Ancion Nicolas, En mille morceaux, Mijade, 2015, 192 p. 8€
Destiné aux 14/17 ans, l’ouvrage énonce des tranches de vie. Comme dans la tragédie classique, le roman procède par unités. Ici, l’unité de lieu est le lycée, l’unité de temps, est de quatre jours, l’unité d’action est représentée par les personnages, tous de 15 à 18 ans, et passant leur fin de semaine à boire et à se défoncer. L’alcool, le tabac, la drogue, les rencontres forment et déforment les groupes. Il y a Frank, ses pilules et sa violence, Léa, l’amoureuse entraînée, Erik trop égocentrique pour comprendre les autres, il y a les amis sur face book, telle l’étonnante Sorcière. Le drame : le décès d’une amie, Jessica, gothique, défoncée, morte après une soirée. On apprendra, certes, que les substances ne sont pas directement la cause de sa mort, mais comment ne pas les y mêler ? Du coup, adroitement, le roman prend un tour didactique, les personnages se mettant à débattre de certaines de leurs pratiques à risque. Le rapport aux parents est évidemment très prégnant mais aussi, à travers le personnage de la mère de Karine, la question de l’affirmation de soi abordée avec nuances en fonction des pratiques sociales quotidiennes. Remarquons bien que l’ouvrage questionne autant les comportements des adultes que ceux des jeunes, ce qui évite le didactisme communément en vogue en littérature de jeunesse, pour saisir la question des addictions dans le contexte social et non isolé de celui-ci. C’est là un apport sensible du livre qui permet d’interroger l’usage des relations virtuelles sur un profil face book et le rôle de la pseudonymie qui y règne, masquage de la personne, signe d’une double identité, réalisation de soi, à l’abri de la peur des autres ?

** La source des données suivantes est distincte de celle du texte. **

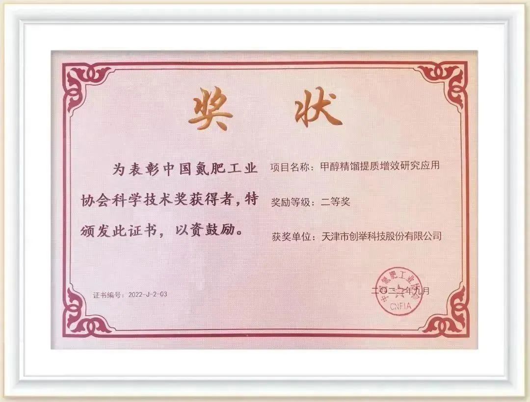 2022年,創(chuàng)舉科技申報的“甲醇精餾提質(zhì)增效研究應(yīng)用”項目,榮獲中國氮肥工業(yè)協(xié)會科學(xué)技術(shù)獎二等獎。
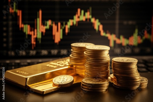 Stacked gold bars, golden coins, stock exchange ambiance, and dynamic stock charts a visual narrative of wealth, finance, and market trends
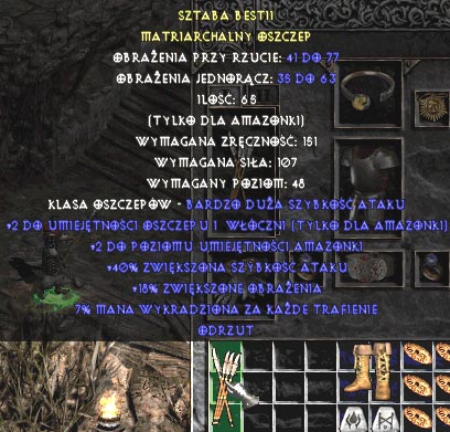 interesującymi dodatkami, np. Oszczepy +2 do poziomu Amazonki, +2 do um. oszczepu i włóczni, 40% szybszy atak.

Bien que la composition de l’ouvrage fasse se succéder les points de vue, l’auteur ne réussit pas à varier le style. Une grande uniformité règne, brisée seulement lorsqu’il intègre des imitations de commentaires saisis sur le réseau social où chattent les adolescents. En revanche, il crée un rythme soutenu, conformément au mode de vie décrit, avec des alternances de point de vue qui relancent sans cesse l’intérêt des lecteurs et lectrices. Les vies des personnages prennent ainsi une singularité (« il n’y a pas de vie ordinaire, il n’y a que des vies singulières » que le site d’infor-drogues www.enmillemorceaux.be permet de retrouver à travers les photos des personnages, leur page Face book….
Geneste Philippe
NB Sur le même sujet des addictions, et chez le même éditeur : Florence Aubry, Biture express, Mijade, 2010, 190 p. 8€

Hinckel Florenece, secrets.com, illustrations de Colonel Moutarde, Rageot, 2013, 191 p. 6€45
Voici un ouvrage qui annonce être « strictement réservé aux élèves de 6 » en sa quatrième de couverture. C’est un écrit habile, élégant, une composition intelligente. Le récit nous parle de l’usage du net, des réseaux sociaux, à travers une histoire banale mais qui prend le relief de la vie et de l’authenticité de situations de plus en plus courantes. Un bon livre pour les 10/12 ans.